= Beginning of Section =

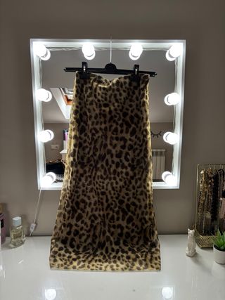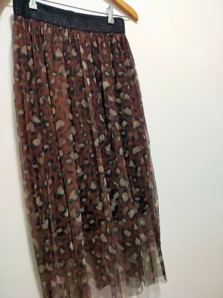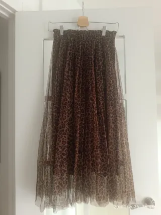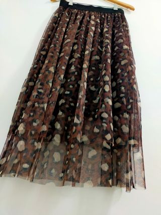 Falda larga de tul con un llamativo estampado de animal print. Puesta solo una vez. Con forro hasta la rodilla
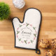 This pretty customizable oven mitt is featuring a hand-painted watercolor ruby-throated hummingbirds and botanical branches on a cream-colored background. The font size and font style can be changed by clicking on "Edit design". All hummingbird images are taken from original watercolors by C. Dobbins.
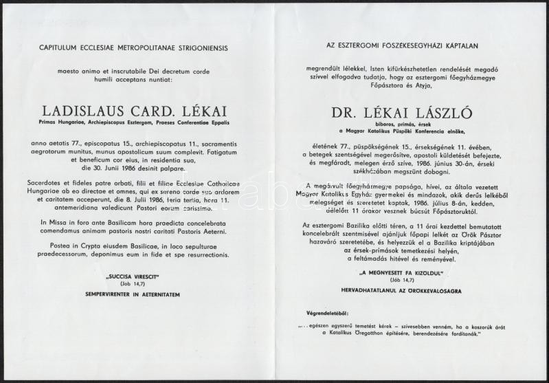 1986 Lékai László püspök halálozási értesítője https://www.darabanth.com/hu/301-Gyorsarveres/301.0/Festmeny-mutargy-papirregiseg-egyeb/Nyomtatvanyok~29/1986-Lekai-Laszlo-puspok-halalozasi-ertesitoje~II1619312
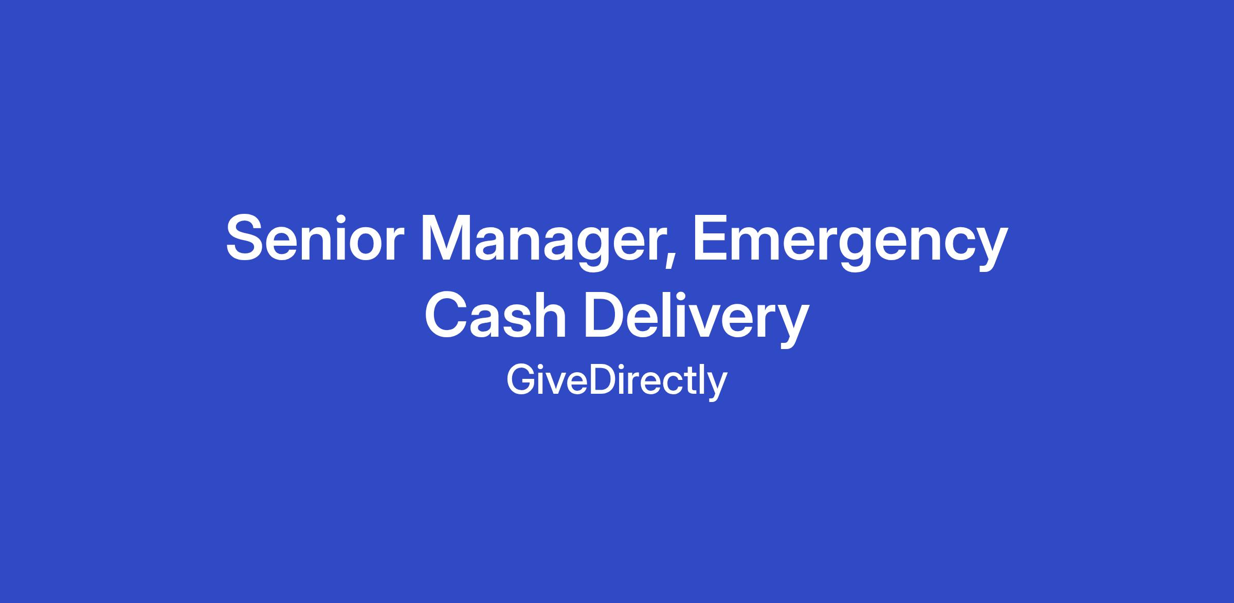 GiveDirectly is scaling its emergency response operations to reach more people, faster, with cash in the wake of crises. As a Senior Manager on the Humanitarian team, you will play a key role in launching and overseeing rapid cash responses globally. You’ll drive organizational readiness, design response strategies, manage program implementation, and support fundraising by translating field insights into compelling cases for support. The Senior Manager’s portfolio will be staffed with a Program Manager, to be managed by the Senior Manager. Other responsibilities will include support to staffing and budgeting exercise, and managing internal and external relationships.
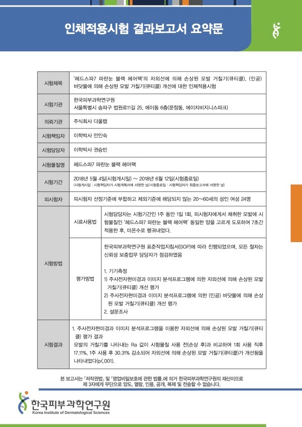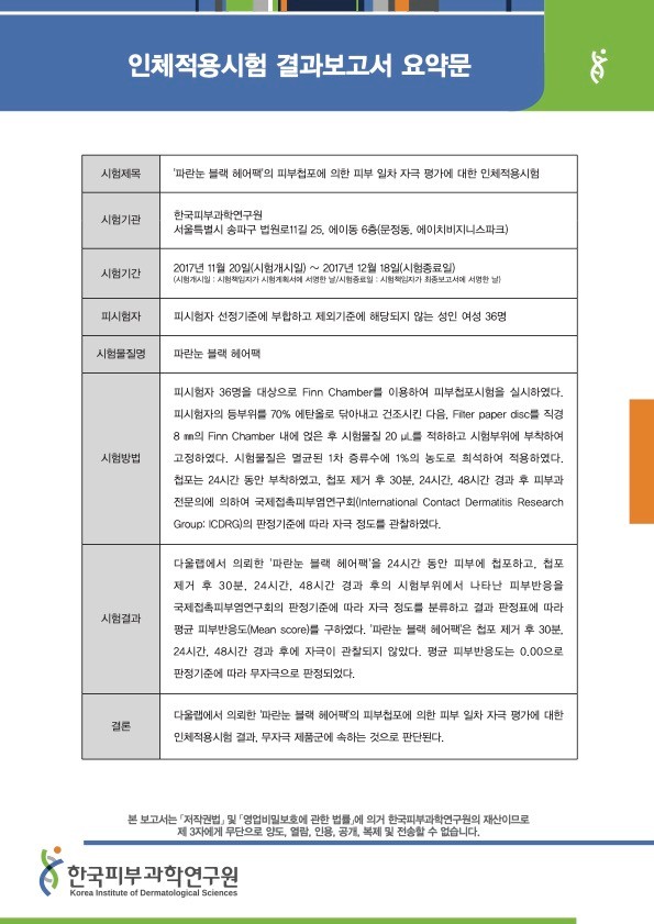 성적서를 확인하세요 ・시험 기관 : 한국피부과학연구원
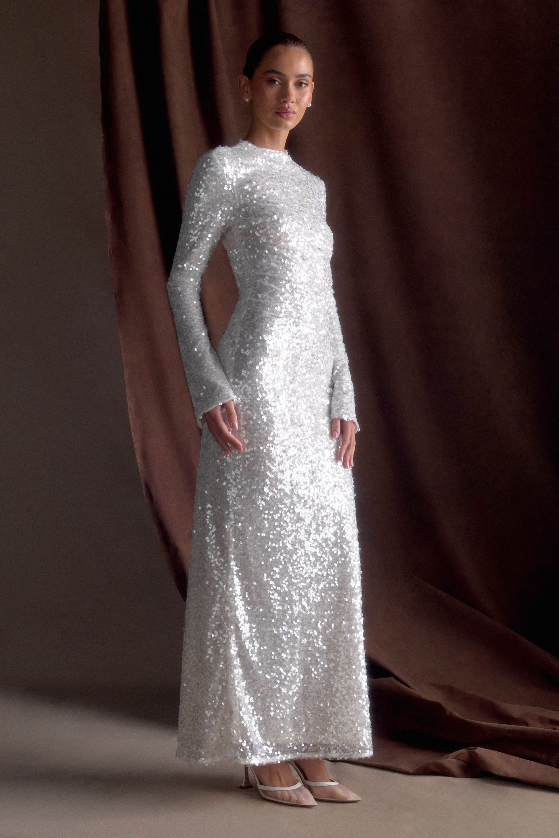 The SOFIA Long Sleeve Sequin Maxi Dress is the ultimate statement in glamour. Designed with a sleek turtleneck and long sleeves, this gown offers a striking contrast to its daring open-back design. The scratch sequin fabrication catches the light from every angle, creating a show-stopping effect. A delicate button-and-loop closure at the back neck adds refinement, while the back zip and hook-and-eye fastening ensure a seamless fit. Fully lined for comfort and elegance, the Sofia dress is perfect for black-tie events, red-carpet moments, and nights that call for pure radiance.
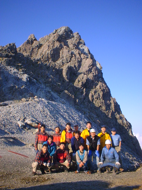 岐阜県警山岳救助隊の方が槍ヶ岳に夏山前の訓練に来ました。梅雨の最中でしたが天気に恵ま れ、順調に訓練が進められたようです。真剣に救助訓練をする姿に山に対する意気込みを感じ ました。全員が登頂後、山荘の従業員と一緒に記念撮影をしました。まもなく夏山シーズンが 始まり、たくさんの登山者で山も賑わいますが、救助隊のお世話になることなく、無事なシー ズンになることを祈ります。

= End of Section =

▶ **What this task involves**
Pictures do not belong in the copy. Repeat only the lines from the top of the records through the line containing "This pretty customizable".

▶ **Solution below**
 Falda larga de tul con un llamativo estampado de animal print. Puesta solo una vez. Con forro hasta la rodilla
 This pretty customizable oven mitt is featuring a hand-painted watercolor ruby-throated hummingbirds and botanical branches on a cream-colored background. The font size and font style can be changed by clicking on "Edit design". All hummingbird images are taken from original watercolors by C. Dobbins.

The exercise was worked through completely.